Throughout history, most industries were disrupted by outsiders. So, this move by Carl Icahn is welcomed by those insiders determined to kick the ass of the channel's complacency and status quo.
Some believe Xerox and HP coming together doesn't mark a disruption. It's incredible how some can't look past what's in front of them. Or they find it easier to discuss why something won't work over the discussions of why things will work. Who knows which one writes the check or swaps the stock. The bottom line is, Xerox started the game as they upped the ante.
"When leaders focus on why things won't work, they are fighting to remain in the past. When leaders focus on how things could work, they are exploring the future."
This merger will cause the remaining manufacturers to consolidate much quicker than many wanted. It also affects the private equity in the channel as they consider current and future investments. Soon the hype in roll-ups chasing the fiction of managed print services growth will be questioned as those investments are held accountable to market realities.
We are witnessing the beginning of the industry's most significant cost-cutting in its history.
I will call it: "The era of aligning cost with market realities."
When Carl Icahn set out to clean up Xerox, he did it to bring greater value to the company by aligning it with the realities of the market. Carl said he saw Xerox heading in the direction of Kodak, and he intended to change that direction.
Xerox had many out-of-control expenses, and Xerox was not addressing an overlapping and saturated distribution. Carl questioned the fact that GIS (global imaging systems) were not focused on the Xerox brand.
These GIS dealers, which Xerox owns, were selling competitive brands. He also questioned why Xerox-owned companies were still operating with their independent names over capitalizing on Xerox's name recognition. I agree with Carl on that. Why acquire distribution and keep it independently branded? I think its insecurity or a lack of confidence in the acquiring brand by the acquired.
Dealer roll-ups: listen to Carl, unite the brand, and rein in the cost.
We still see today's roll-ups using the GIS model. It seems that there is still a fear of what consolidation means to the end-users. Do these roll-ups really believe that customers would leave if the dealer changed its name? Do dealers think they are fooling the customer? I think this strategy does not align with the end-user's reality and destroys the entity's chances of national recognition.
It's not 1990 so, why are the acquisition strategies still being built on a 1990's model?
Organizational unity creates esprit de corps; this unity becomes clouded by individualism. Roll-ups should be proud and praise their integration. I believe if you intend to be a national organization, then be national in name, products, services, and core values.
"It is more important to bring together what is separate, over attempting an appearance of togetherness while remaining separate."

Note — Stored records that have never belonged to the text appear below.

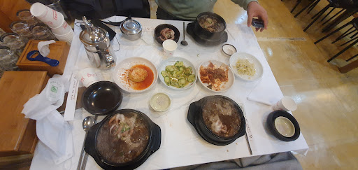 반찬은 4종류 배추 김치 깍두기 오이반찬 콩나물 배추 김치는 젓갈을 많이 넣어서 짜요 그런데 맛있음 중독성도 있고 생지 인데 김장철 이라 생지가 나온것인지 아님 원래 생지 나오는지는 알수 없습니다 지금 12월 기준으로는 생지가 나옴 그다음 깍두기 무가 단단 합니다 그런데 좀 익은듯한데 이런 종류에는 이런 깍두기가 맛있다 생각하는 분들도 있습니다 저는 아님 오이는 무침 같은데 친구들은 좋아 했습니다 마지막 콩나물 크기가 적당하고 씹는 식감이 좋았습니다 간은 약한데 김치랑 같이 먹는다면 좋았음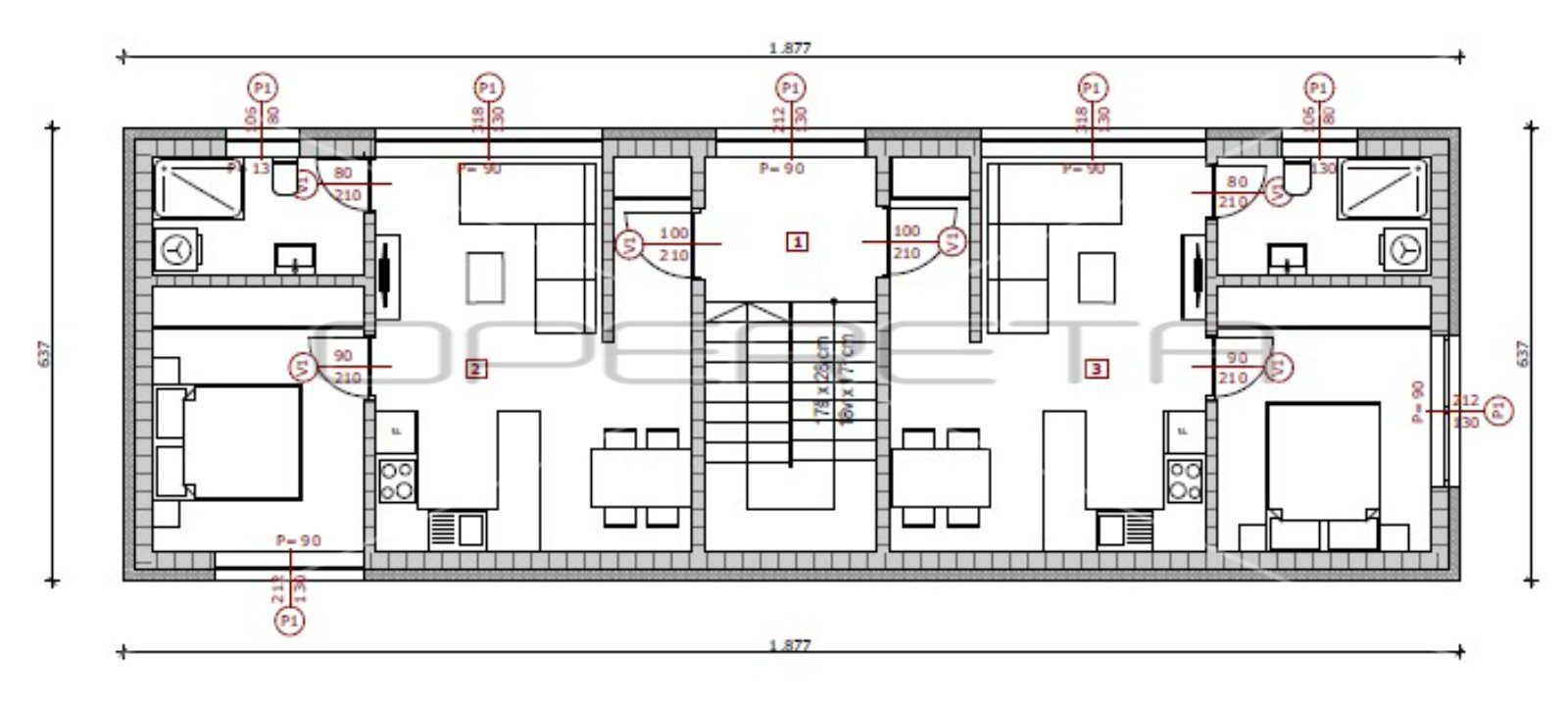 Idejni projekt obuhvaća poslovni prostor u prizemlju površine 40,84 m2 kao i dva manja dvosobna stana od 40,53 m2. Za svaki stan je zamišljena i galerija u potkrovlju koja će dodatno doprinijeti većem dojmu stanova. Predviđeno je 5 parkirališnih mjesta.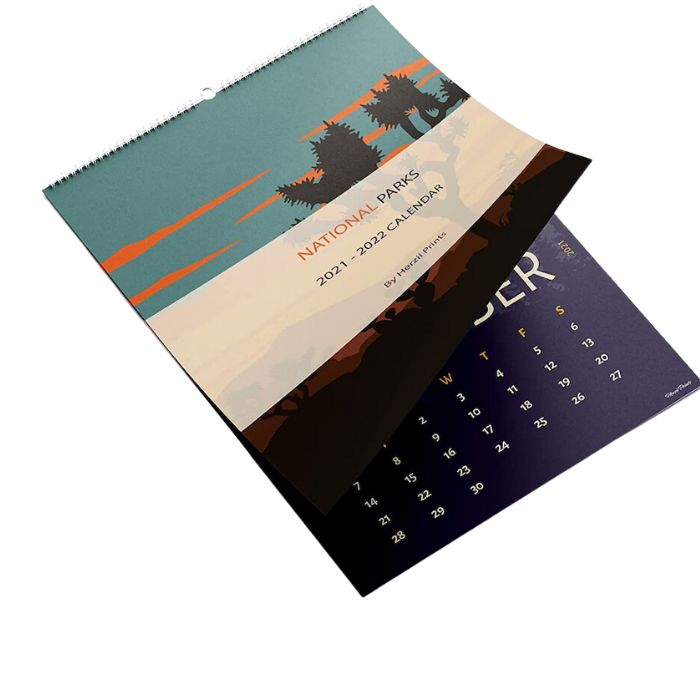Wall Calendars Printing OptionsCover PaperYou may select one of several premium paper types for the external cover of your multi-page product or match it to the internal paper type. Same as Inside Pages Your cover paper will match the selection you make for your interior page paper. For a more durable cover we recommend choosing one of our premium paper options to upgrade your piece. 100 lb. Gloss Cover Our 100 lb. gloss cover stock is a thick, premium cover stock with a glossy sheen on both sides. This is thicker and heavier than a text weight stock and has a gloss finish to make colors more vibrant and produce a more durable cover. Paper Type: C2S Gloss Cover Thickness: 9.3 pt. Weight: 100 lb. Brightness: 90 Color: White 13 pt. 100% Recycled Matte Cover Our 13 pt. recycled matte cover stock is the ultimate eco-friendly choice. This paper is made from 100% post-consumer waste and has excellent printing characteristics combined with a sophisticated matte finish. Paper Type: C2S Matte Cover Thickness: 13.1 pt. Weight: 120 lb. Brightness: 95 Color: White Interior Paper You may select one of several premium paper types for the internal pages of your multi-page product. You can select a different cover paper or match it to the internal pages. 100 lb. Gloss Text Our 100 lb. gloss text is a thicker paper weight stock with a glossy sheen on both sides. This paper is an ideal choice for a more durable piece with thicker pages than other text weight options and has a gloss finish to make colors vibrant. Paper Type: C2S Gloss Text Thickness: 4.9 pt. Weight: 100 lb. Brightness: 90 Color: White 70 lb. Matte Text Our 70 lb. matte text stock is a lightweight matte text stock. This thinner material will give your pages a crisp, clean matte look. This paper contains 10% post-consumer waste. Paper Type: C2S Matte Text Thickness: 4.2 pt. Weight: 70 lb. Brightness: 93 Color: White 80 lb. Gloss Text Our 80 lb. gloss text is a lighter paper weight stock with a glossy sheen on both sides. This is a more affordable option than heavier gloss text stocks. Paper Type: C2S Gloss Text Thickness: 3.7 pt. Weight: 80 lb. Brightness: 90 Color: White Binding For multi-page products, you can select several binding types. Saddle-Stitched (Stapled) Two staples are used in the center of the piece to bind the pages together. Saddle-Stitched (Stapled) Wire-O (Black) Wire-O is a series of wire loops punched through the spine of your piece to bind pages together. It is recommended for projects 48 pages or less. Wire-O (Black) Hole Drilling Add optional hole drilling to your product in one of several diameters. Hardcopy Proof For an additional fee, you can order a printed proof that entitles you to receive up to three hardcopy proof revisions. A hardcopy proof offers a color accuracy guarantee for the final proof that is approved by you. Months You can select several month and page formats for your piece. |

Unity and brand recognition in the imaging channel is quickly becoming a must as the fast approaching pull economy invades the channel's deliverable. E-commerce will play a significant role in the future of the channel. Those of you who understand Google should quickly realize the value in this paragraph and the next.
A national company united on a customer-centric deliverable is so much more effective than a national company made up of independent organizations all working as they did in the past. It will be much easier to find your company in the digital world when its name is widely used. If you intend to sell nationally, you better be recognized nationally. I suggest all roll-ups take the parent's name and do it quickly. Because some in the channel will in fact sell nationally.

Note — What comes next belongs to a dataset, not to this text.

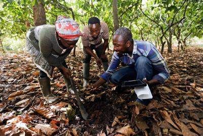 Neben dem Ausbau bestehender digitaler Programme haben wir ebenfalls neue Initiativen gestartet, um die ErzeugerInnen auf ihrem Weg zu mehr Nachhaltigkeit zu unterstützen. Im Rahmen unserer FarmGrow-Initiative haben wir beispielsweise individuelle Sieben-Jahres-Pläne entwickelt – alle mobil zugänglich – die die Erträge der teilnehmenden ghanaischen KakaofarmerInnen bis auf das Dreifache steigern könnten. Die Pläne verwenden Piktogramme (um den verschiedenen Alphabetisierungsgraden Rechnung zu tragen), die ErzeugerInnen bei der Umsetzung von Best Practices unterstützen und die Gesundheit der Böden fördern sowie deren Klimabeständigkeit erhöhen, wie zum Beispiel durch das Beschneiden und Neuanpflanzen von Bäumen.

Enough is enough, let's move forward
Quite simply, Xerox needed someone to say "enough". Carl Icahn said it. Who in your organization will say "enough is enough"?
All dealers' manufacturers and those who provide services to the channel's ecosystem must rein in and align cost. The inefficient ways of servicing and selling must not be ignored any longer.
Xerox/HP will bring a whole new game to the field which many still see as an unchangeable game.
Those who cannot muster the fortitude to make the needed sacrifices should move to the side lines. The imaging channel will face many challenges as the market continues declining. However, the industry can reinvent itself and thrive if they stop trying to save yesterday's relevance.
Now is the time to understand the value in replacing oversold A3s with A4s. Now is the time to understand e-commerce and implement it. Now is the time to imagine future possibilities over remembering past successes.
Print equipment and its services business model is going to modify. Hopefully, this new era of consolidation and cost cutting brings a fresh perspective and a much-needed reality check.
It will be interesting to see how the deal pans out, but one thing is adamantly clear: two of the major players in the space just slapped status quo in the face. It's the time now for the rest of the industry's actors to do the same.